A startup success story

ClearAccess' Ken Hood defied odds, proved Vancouver can abet high-tech

By Gordon Oliver, Columbian Business Editor
Published: September 21, 2012, 5:00pm

Richard Biggs, an international business development consultant, has worked extensively with Clark County small businesses and is a leader in Clark County PubTalk, where he assists fledgling companies in getting on their feet.

Biggs, who lives in West Linn, Ore., says entrepreneurs make common mistakes as they work through the early stages of a company’s development.

Here’s his list of potential dangers for business startups:


• A lack of forward-looking planning, especially in operational structure:
Many small businesses start off by creating limited liability corporations, unaware that most investors don’t like to invest in LLCs. The startups then have to restructure themselves to attract investment.


• Poor advisers in all areas, from legal to accounting and marketing:
For investors, “often a company is judged by the company it keeps,” Biggs says.


• Personal finance problems of key business team members:
Any signs of poor personal credit or bankruptcy could jeopardize a deal.

• Risk: Investors will stay away if they don’t have a good feeling about how much risk they’re being asked to take on.

• A business idea that’s not fully developed: Failure is likely if a product is not essential and the business team has unknown track record and lacks financial planning.

• Not shaking the right money tree: Business owners need to request funding from the venture capital firms or angel investors whose funding priorities match their company’s stage of development.

• Lack of market understanding: Competition, barriers to entry, legal issues, and getting products to market are often overlooked by entrepreneurs who just want to build their widget. “Build it and they often won’t come, or care,” Biggs says.

— Gordon Oliver

Ken Hood landed back in Vancouver some seven years ago with no job and no specific plans, just a desire to raise his family in the town where he’d grown up.

“I made the decision to move back to Vancouver before I had any idea what I was going to do,” says Hood, a 44-year-old father of three young children who had most recently lived in Florida. “It was the first time in my life I made a move based on non-business criteria.”

For many, such an uncertain move could become a formula for financial distress. But Hood was hardly a candidate for failure. His unusually fertile business mind had already created a résumé of success in launching and expanding technology companies.

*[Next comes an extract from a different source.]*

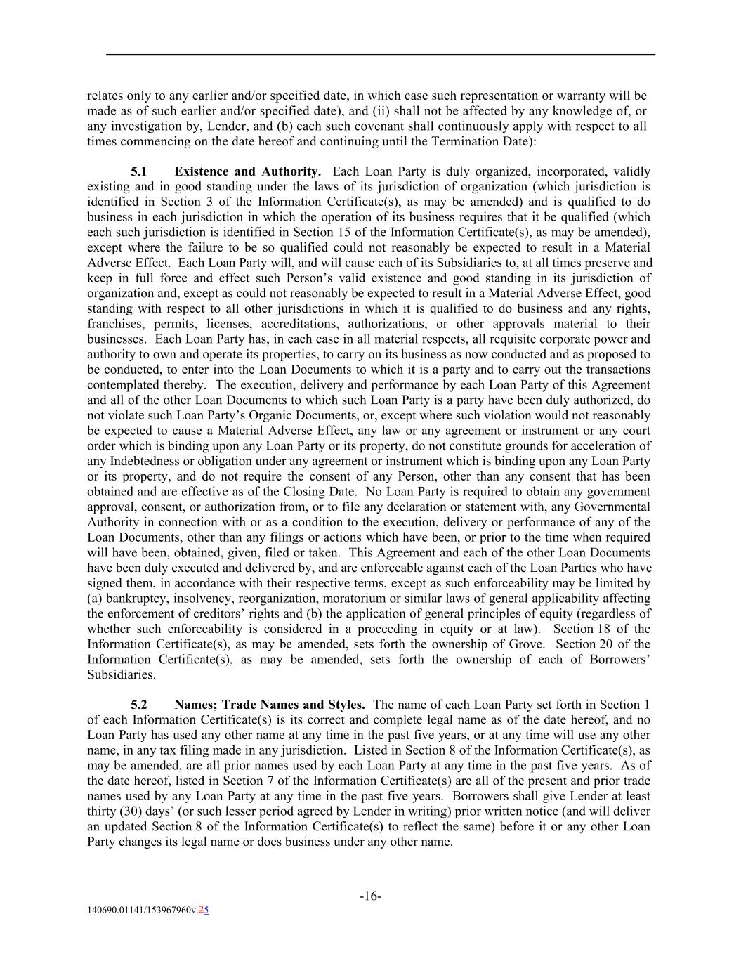 relates only to any earlier and/or specified date, in which case such representation or warranty will be made as of such earlier and/or specified date), and (ii) shall not be affected by any knowledge of, or any investigation by, Lender, and (b) each such covenant shall continuously apply with respect to all times commencing on the date hereof and continuing until the Termination Date): 5.1 Existence and Authority. Each Loan Party is duly organized, incorporated, validly existing and in good standing under the laws of its jurisdiction of organization (which jurisdiction is identified in Section 3 of the Information Certificate(s), as may be amended) and is qualified to do business in each jurisdiction in which the operation of its business requires that it be qualified (which each such jurisdiction is identified in Section 15 of the Information Certificate(s), as may be amended), except where the failure to be so qualified could not reasonably be expected to result in a Material Adverse Effect. Each Loan Party will, and will cause each of its Subsidiaries to, at all times preserve and keep in full force and effect such Person’s valid existence and good standing in its jurisdiction of organization and, except as could not reasonably be expected to result in a Material Adverse Effect, good standing with respect to all other jurisdictions in which it is qualified to do business and any rights, franchises, permits, licenses, accreditations, authorizations, or other approvals material to their businesses. Each Loan Party has, in each case in all material respects, all requisite corporate power and authority to own and operate its properties, to carry on its business as now conducted and as proposed to be conducted, to enter into the Loan Documents to which it is a party and to carry out the transactions contemplated thereby. The execution, delivery and performance by each Loan Party of this Agreement and all of the other Loan Documents to which such Loan Party is a party have been duly authorized, do not violate such Loan Party’s Organic Documents, or, except where such violation would not reasonably be expected to cause a Material Adverse Effect, any law or any agreement or instrument or any court order which is binding upon any Loan Party or its property, do not constitute grounds for acceleration of any Indebtedness or obligation under any agreement or instrument which is binding upon any Loan Party or its property, and do not require the consent of any Person, other than any consent that has been obtained and are effective as of the Closing Date. No Loan Party is required to obtain any government approval, consent, or authorization from, or to file any declaration or statement with, any Governmental Authority in connection with or as a condition to the execution, delivery or performance of any of the Loan Documents, other than any filings or actions which have been, or prior to the time when required will have been, obtained, given, filed or taken. This Agreement and each of the other Loan Documents have been duly executed and delivered by, and are enforceable against each of the Loan Parties who have signed them, in accordance with their respective terms, except as such enforceability may be limited by (a) bankruptcy, insolvency, reorganization, moratorium or similar laws of general applicability affecting the enforcement of creditors’ rights and (b) the application of general principles of equity (regardless of whether such enforceability is considered in a proceeding in equity or at law). Section 18 of the Information Certificate(s), as may be amended, sets forth the ownership of Grove. Section 20 of the Information Certificate(s), as may be amended, sets forth the ownership of each of Borrowers’ Subsidiaries. 5.2 Names; Trade Names and Styles. The name of each Loan Party set forth in Section 1 of each Information Certificate(s) is its correct and complete legal name as of the date hereof, and no Loan Party has used any other name at any time in the past five years, or at any time will use any other name, in any tax filing made in any jurisdiction. Listed in Section 8 of the Information Certificate(s), as may be amended, are all prior names used by each Loan Party at any time in the past five years. As of the date hereof, listed in Section 7 of the Information Certificate(s) are all of the present and prior trade names used by any Loan Party at any time in the past five years. Borrowers shall give Lender at least thirty (30) days’ (or such lesser period agreed by Lender in writing) prior written notice (and will deliver an updated Section 8 of the Information Certificate(s) to reflect the same) before it or any other Loan Party changes its legal name or does business under any other name. -16- 140690.01141/153967960v.25

A week after his arrival, Hood turned a brainstorm into a PowerPoint outline of a home network management system that would drive creation of a new Vancouver-based company, ClearAccess. That was in 2005. This year, Hood split the company in two, selling its software components to Silicon Valley networking giant Cisco.

Hood and about 25 employees, including ClearAccess co-founder Joel Pennington, moved to Cisco’s office in Lake Oswego, Ore. ClearAccess’ hardware unit became a new company, called SmartRG, which remains in Vancouver with about 20 employees.

ClearAccess is one of a handful, at most, of Clark County technology startups to have followed the entrepreneur’s desired arc of success: building a company based on a solid idea for a product or service by attracting a potent mix of talent and venture capital funding, and finally attracting a suitor to purchase the business.

ClearAccess’ successful “exit strategy” not only rewarded investors and employees financially, it also preserved jobs for those who had built the company. “Every single person got a job. That was really hard, but it’s one of the things I’m most proud about,” Hood says.

When the company sold last spring, Hood kept a low profile in order to keep the public focus on the company and its employees. He publicly discussed the company’s acquisition for the first time at last week’s Clark County PubTalk networking event and in a recent interview with The Columbian.

In his interview, Hood said wanted to prove to himself and others that he could create a successful technology startup in Vancouver, despite naysayers who argued that the community lacked the talent and venture capital financing to nourish and build a successful technology startup.

“I was a believer that you could do this in Clark County,” he said. “I took a lot of pride in that.”

Making a difference

Hood, a Columbia River High School graduate, never saw himself as a computer geek, although he always felt that he would be a leader in some field. His sense of professional purpose, he says, “was not necessarily defined by industry, but by how to make a difference and work with great people.”

He earned an undergraduate degree in international relations from California’s Pomona College and a master’s in business administration from Stanford University. He cut his teeth as a technology entrepreneur in California’s Silicon Valley during the Internet’s infancy, working with and around the industry’s pioneers.

Hood built one large company’s small-business unit to $100 million in assets, was an early employee at a startup that allowed a lucrative sale to slip away by setting too high a price, and sold a technology company.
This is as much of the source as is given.